Schwäbische Zeitung (Bad Waldsee / Aulendorf)
Gefährlicher Massenrausch
Drogen an Seminarteilnehmer verteilt: Psychotherapeut gesteht
STADE (dpa/AFP) - Mehr als zwei Jahre nach dem Massenrausch bei einem Seminar zur Bewusstseinserweiterung in Handeloh in der Lüneburger Heide hat vor dem Landgericht in Stade der Prozess gegen den Veranstalter begonnen. Nach Angaben einer Sprecherin gestand der 52-Jährige, Drogen verteilt zu haben. Eine Schuld an den Vergiftungserscheinungen wies er aber zurück.
Notärzte kämpften auf dem Rasen des idyllischen Tagungszentrums südlich von Hamburg um das Überleben der Seminarteilnehmer, dann wurden die Betroffenen in verschiedene Kliniken der Region gebracht, auch die beiden Organisatoren. Erst gingen die Behörden von einer Lebensmittelvergiftung aus. Doch schnell stellte sich heraus, dass es um ein Drogenexperiment ging.

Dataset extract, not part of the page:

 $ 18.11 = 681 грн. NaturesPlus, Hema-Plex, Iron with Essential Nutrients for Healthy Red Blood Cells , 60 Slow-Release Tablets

„Ich bestätige, dass die Anklagevorwürfe zu Recht erhoben wurden“, heißt es am Donnerstag in der sehr persönlichen Erklärung des Psychologen. Er habe den 27 Teilnehmern Kapseln mit dem Halluzinogen 2C-E angeboten, in denen ohne sein Wissen auch die psychoaktive Substanz Dragonfly enthalten gewesen sei. Er spricht von einem „Unfall“und entschuldigt sich mehrfach bei allen Betroffenen. Es habe sich um eine „freiwillige, selbstverantwortliche Einnahme gehandelt“, sagt er. Es sei kein Treffen von Heilpraktikern gewesen. Vom Arzt bis zum Friseur, vom Psychologen bis zum Erzieher seien ganz unterschiedliche Teilnehmer dabei gewesen.

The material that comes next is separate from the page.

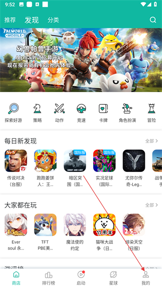 1、打开OurPlay应用,点击右下角我的。

Der 52-Jährige ist wegen des unerlaubten Besitzes und des Überlassens von Betäubungsmitteln oder anderen gesetzlich regulierten dro- genartigen Stoffen angeklagt. 2C-E fällt in Deutschland seit Ende 2014 unter das Betäubungsmittelgesetz. Umgang mit Bromo-Dragonfly ist erst durch das im November 2016 in Kraft getretene Neue-psychoaktiveStoffe-Gesetz untersagt.
Berufsverbot denkbar
Laut Anklage sollte im Rahmen einer äußerst umstrittenen Therapieform, der sogenannten Psycholyse, eine Bewusstseinserweiterung erreicht werden. Das bestreitet der Angeklagte, auch wenn er die Therapieform begrüße. Der mögliche Sektenhintergrund sei nicht Teil der juristischen Untersuchungen, hatte der Verteidiger betont. Den Ermittlungsergebnissen der Staatsanwaltschaft zufolge seien die Organisatoren Sympathisanten der sogenannten Kirschblütengemeinschaft. Die Ge- meinschaft des im Januar gestorbenen Schweizer Therapeuten Samuel Widmer wurde von der Zentralstelle für Weltanschauungsfragen der Evangelischen Kirche als „problematisch“eingestuft, Kritiker sprechen von einer Sekte.
„Hier wird somit nicht nur versucht, eine Therapiemethode zu diskreditieren, sondern ein Rufmord an Menschen riskiert, die einfach anders leben wollen“, heißt es mit Blick auf Handeloh auf der Internet-Seite der Gemeinschaft. Im Rahmen seiner Arbeit habe er „zu Samuel Widmer gefunden“, sagt der Angeklagte dazu am Donnerstag nur.
Dem Angeklagten droht nicht nur eine Haftstrafe. Laut Staatsanwaltschaft kommt ein Berufsverbot in Betracht. Ein Urteil könnte beim nächsten Verhandlungstermin am 22. November fallen.